All of lore.kernel.org
 help / color / mirror / Atom feed
From: Jesper Dangaard Brouer <brouer@redhat.com>
To: John Fastabend <john.fastabend@gmail.com>
Cc: netdev@vger.kernel.org, jakub.kicinski@netronome.com,
	"Michael S. Tsirkin" <mst@redhat.com>,
	pavel.odintsov@gmail.com, Jason Wang <jasowang@redhat.com>,
	mchan@broadcom.com, peter.waskiewicz.jr@intel.com,
	Daniel Borkmann <borkmann@iogearbox.net>,
	Alexei Starovoitov <alexei.starovoitov@gmail.com>,
	Andy Gospodarek <andy@greyhouse.net>,
	brouer@redhat.com
Subject: Re: [net-next V6 PATCH 0/5] New bpf cpumap type for XDP_REDIRECT
Date: Wed, 11 Oct 2017 10:06:08 +0200	[thread overview]

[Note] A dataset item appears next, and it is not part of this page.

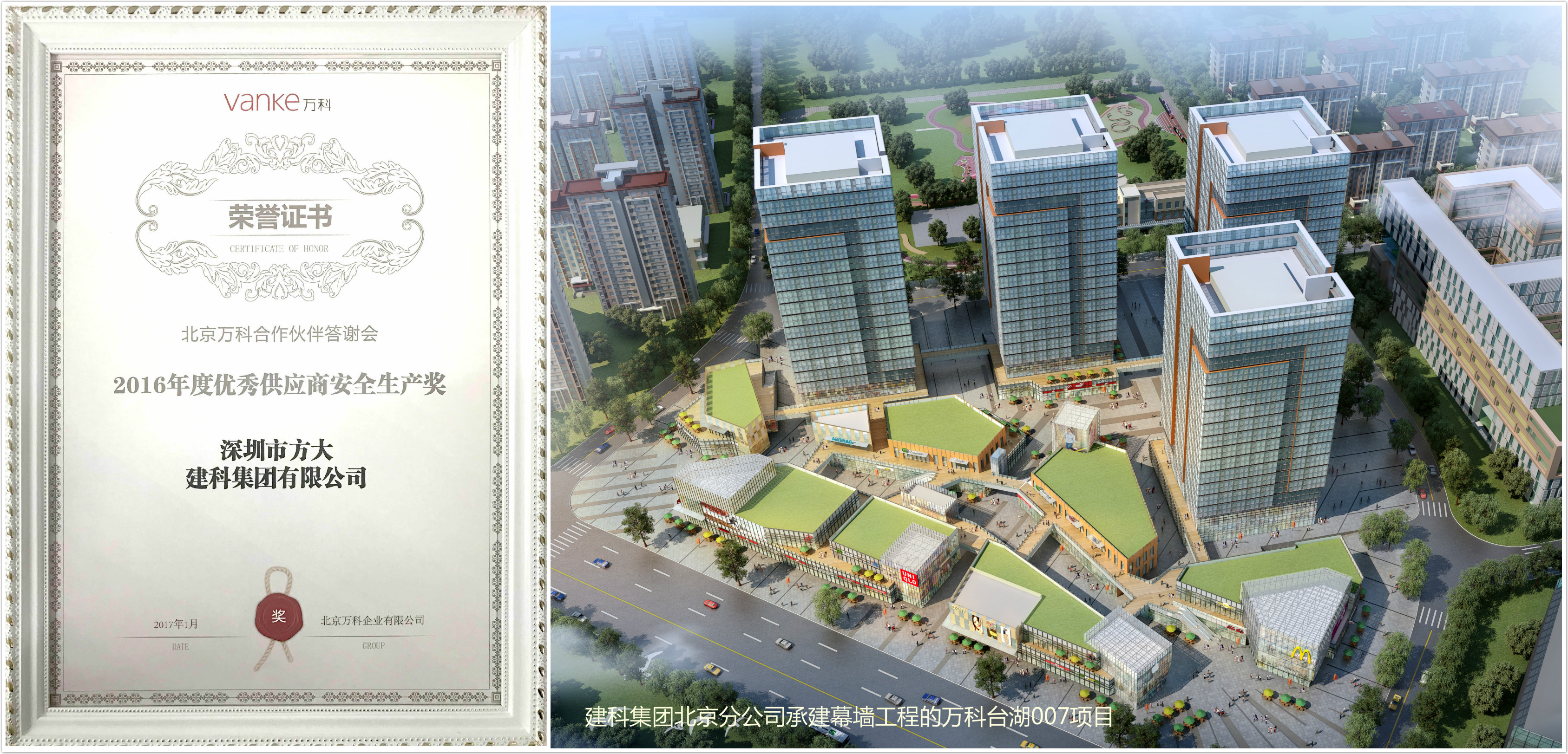 北京台湖万科007项目是万科旗下的精品地产项目,其幕墙工程由建科集团北京分公司承建。在项目团队的周密筹划和艰苦努力下,万科台湖007项目幕墙工程的现场管理工作成绩斐然,安全文明生产及现场项目管理能力受到业主的好评。此次建科集团北京分公司被.业主授予“2016年度优秀供应商安全生产奖”,表明2016年建科集团北京分公司的安全文明生产及现场管理能力又有了较大的提升。

Message-ID: <20171011100608.48bc1c86@redhat.com> (raw)
In-Reply-To: <a430c181-aa56-61a7-fc59-9b135bbb262b@gmail.com>

On Tue, 10 Oct 2017 23:10:39 -0700
John Fastabend <john.fastabend@gmail.com> wrote:

> On 10/10/2017 05:47 AM, Jesper Dangaard Brouer wrote:
> > Introducing a new way to redirect XDP frames.  Notice how no driver
> > changes are necessary given the design of XDP_REDIRECT.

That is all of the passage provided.